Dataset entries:
▽

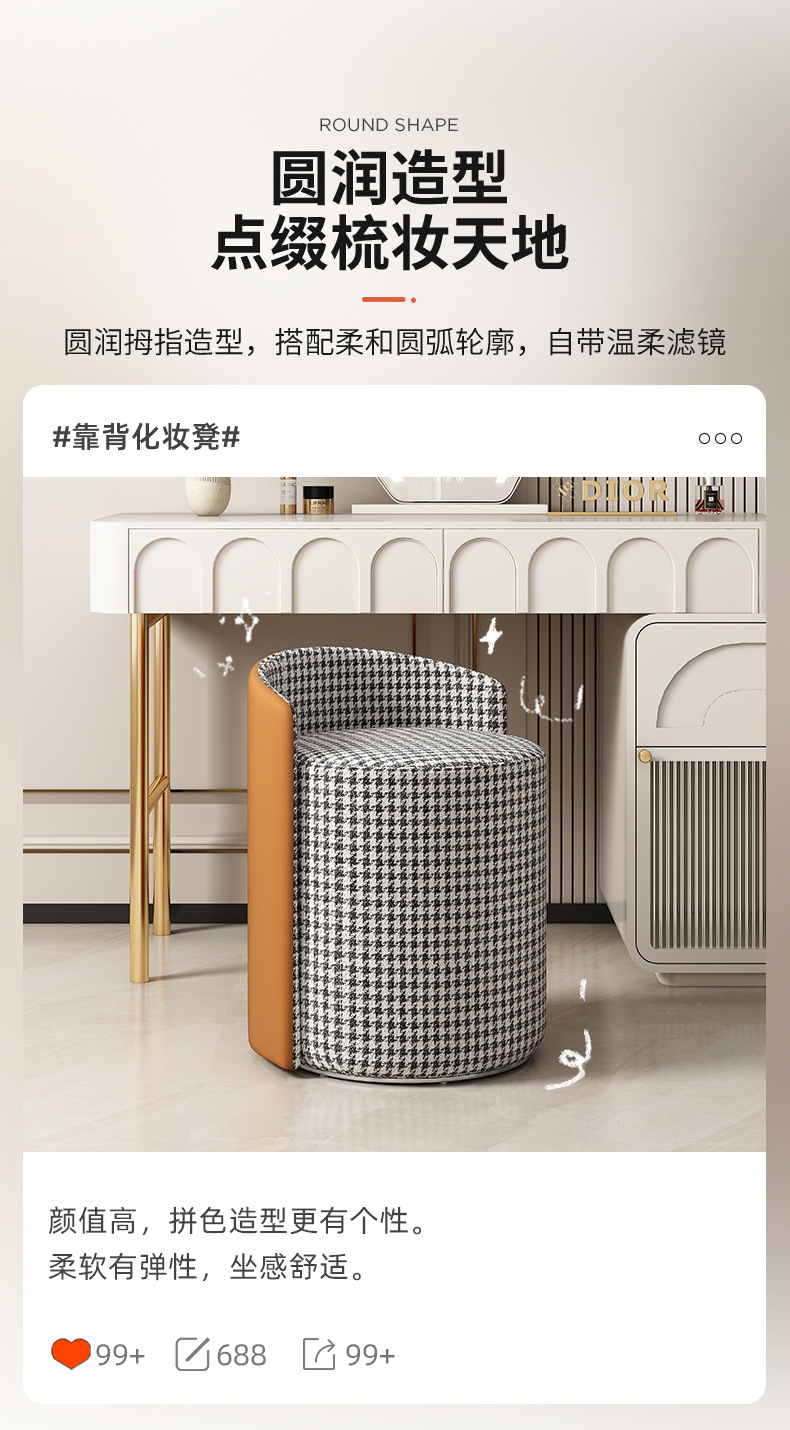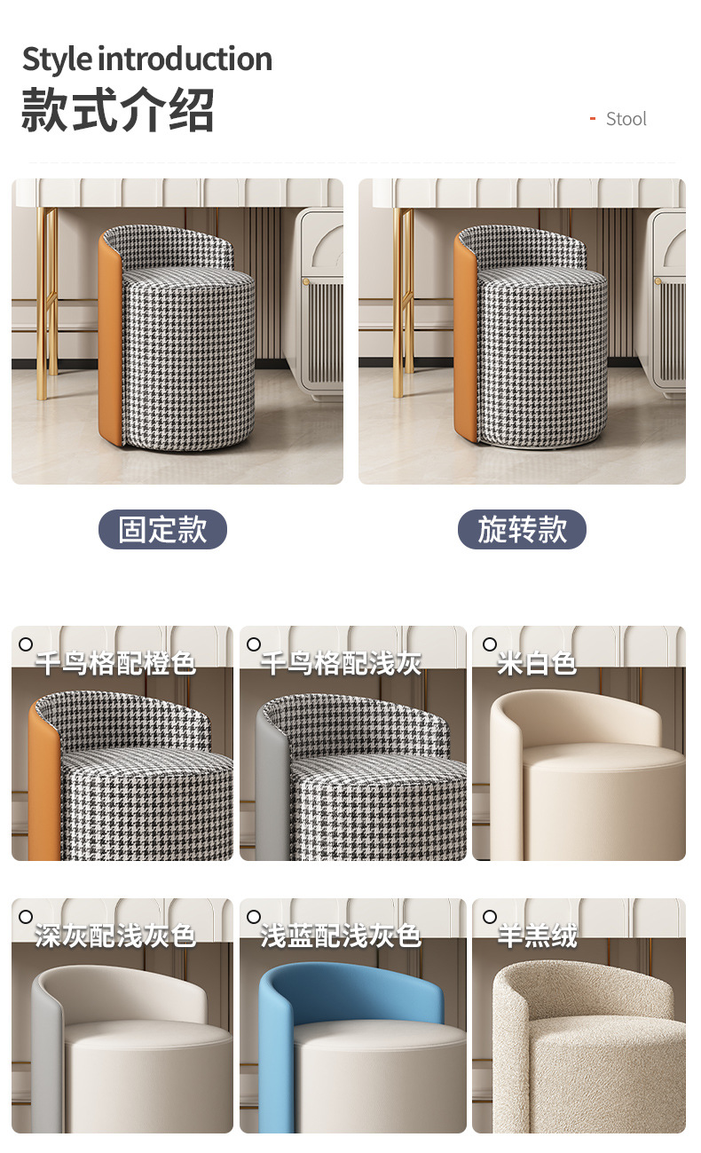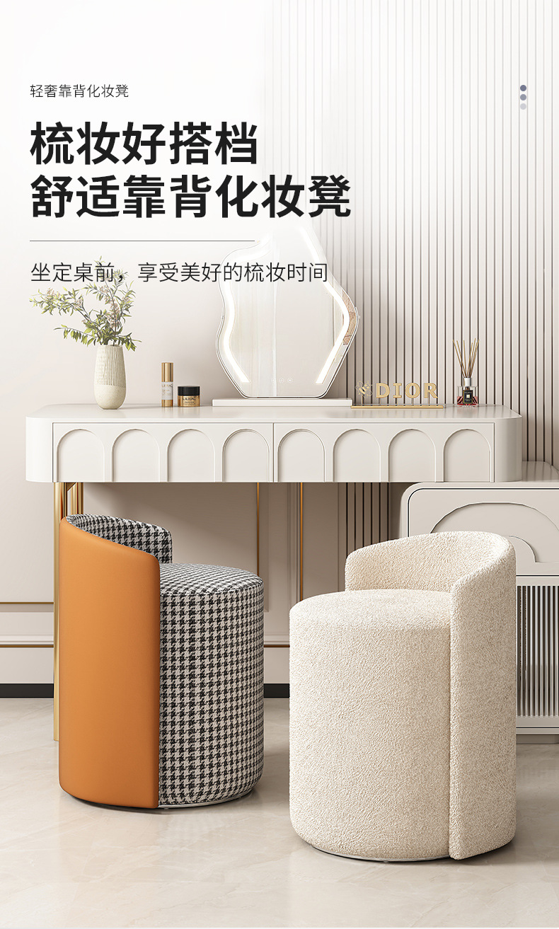 Maquillaje taburete silla niñas moderno simple avanzada lana de cordero Internet celebridad fotografía vestidor taburete guardarropa silla taburete redondo
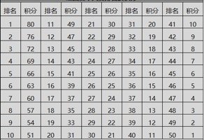 2、积分相同情况:若出现两名选手的积分相同,则视两人为并列排名,后续选手排名依次顺延。如:两位选手同分,排名为1、1,积分低于前两位的下一位选手排名为3。
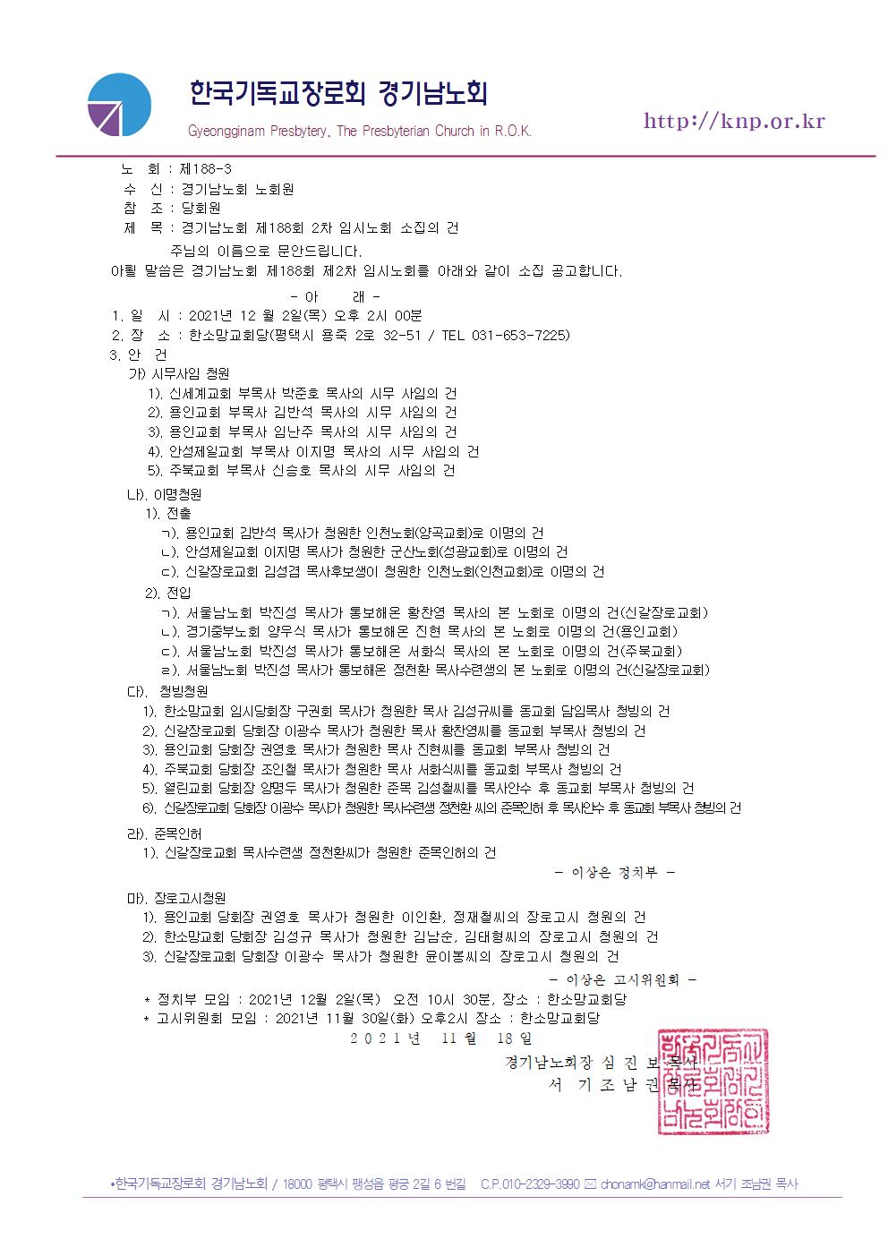 (예금주: 한기장경기남노회) 홈페이지관리: 김현일 목사
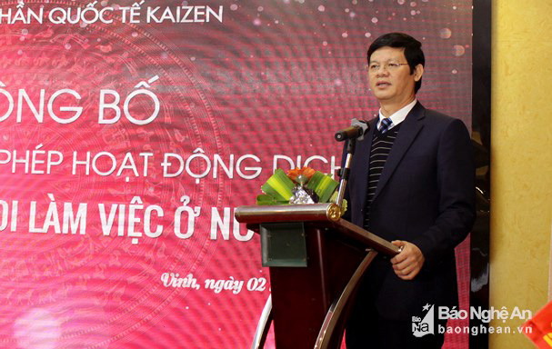 Ngày 2/2, tại TP.Vinh đã diễn ra lễ công bố, trao giấy phép hoạt động dịch vụ đưa người lao động đi làm việc nước ngoài cho Công ty cổ phần quốc tế Kaizen.
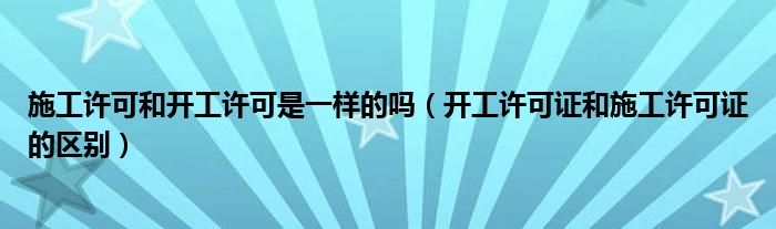 关于施工许可和开工许可是一样的吗,开工许可证和施工许可证的区别这个很多人还不知道,今天菲菲来为大家解答以上的问题,现在让我们一起来看看吧!
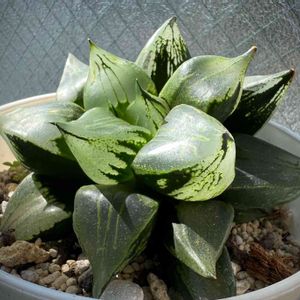 ●ススキノキ科 ツルボラン亜科 ●ハオルチア属 ●裏般若錦😻😻 おはようございます。🥱🥱🥱🥱 早朝から猫に起こされ、ベランダでハオルチアの状態をチェック……😅 全てのハオルチアを植え替え完了したので、ちょっと安心。😋 今日は、博物館へ行ってきます。😁😆😋
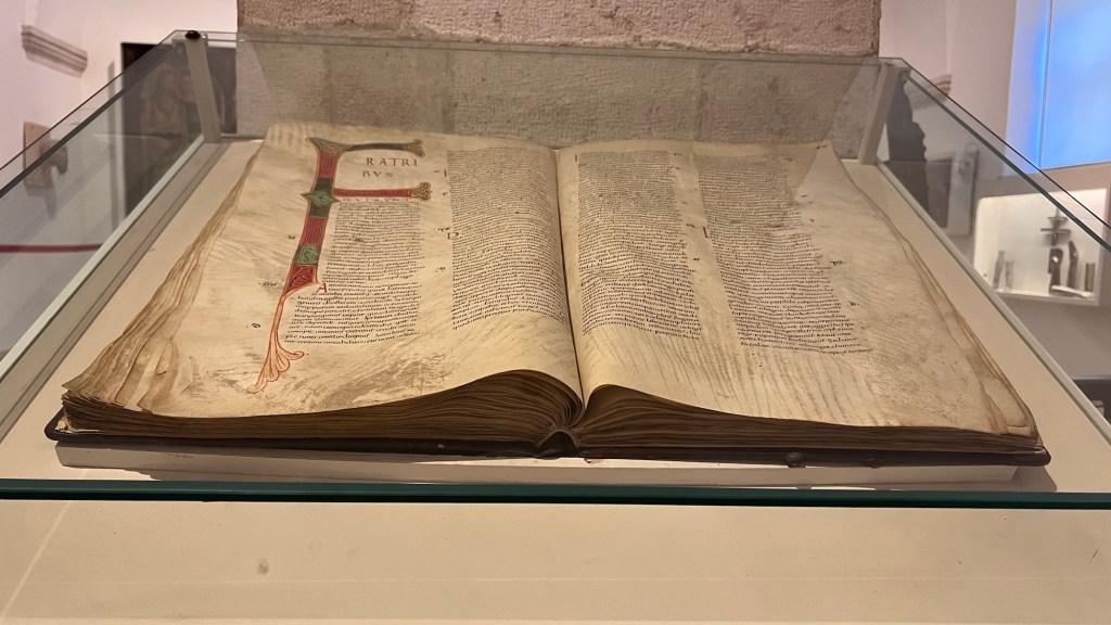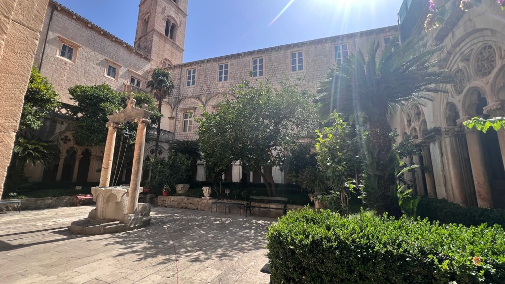 After our second palace of the day, it was time for a little religion. We headed to the Domenican Monastery. If Sponza wasn’t crowded, then this was basically abandoned. Very peaceful inside and shockingly cool, we walked through a beautiful building with a central garden which was very serene. The history of Catholicism is strong here and artifacts were plentiful. There was a very unique, and huge, Bible from 1448 on display. It seemed to have many fewer pages than the last Bible I read, which made me wonder what was missing from this version or had happened since then to be included in mine… The Monastery was great but it was almost 2pm and we were thinking some water and a snack were becoming important.

△

A word-for-word restatement of all the lines above is needed, with the pictures omitted.

* _FINAL ANSWER_
 Maquillaje taburete silla niñas moderno simple avanzada lana de cordero Internet celebridad fotografía vestidor taburete guardarropa silla taburete redondo
 2、积分相同情况:若出现两名选手的积分相同,则视两人为并列排名,后续选手排名依次顺延。如:两位选手同分,排名为1、1,积分低于前两位的下一位选手排名为3。
 (예금주: 한기장경기남노회) 홈페이지관리: 김현일 목사
 Ngày 2/2, tại TP.Vinh đã diễn ra lễ công bố, trao giấy phép hoạt động dịch vụ đưa người lao động đi làm việc nước ngoài cho Công ty cổ phần quốc tế Kaizen.
 关于施工许可和开工许可是一样的吗,开工许可证和施工许可证的区别这个很多人还不知道,今天菲菲来为大家解答以上的问题,现在让我们一起来看看吧!
 ●ススキノキ科 ツルボラン亜科 ●ハオルチア属 ●裏般若錦😻😻 おはようございます。🥱🥱🥱🥱 早朝から猫に起こされ、ベランダでハオルチアの状態をチェック……😅 全てのハオルチアを植え替え完了したので、ちょっと安心。😋 今日は、博物館へ行ってきます。😁😆😋
 After our second palace of the day, it was time for a little religion. We headed to the Domenican Monastery. If Sponza wasn’t crowded, then this was basically abandoned. Very peaceful inside and shockingly cool, we walked through a beautiful building with a central garden which was very serene. The history of Catholicism is strong here and artifacts were plentiful. There was a very unique, and huge, Bible from 1448 on display. It seemed to have many fewer pages than the last Bible I read, which made me wonder what was missing from this version or had happened since then to be included in mine… The Monastery was great but it was almost 2pm and we were thinking some water and a snack were becoming important.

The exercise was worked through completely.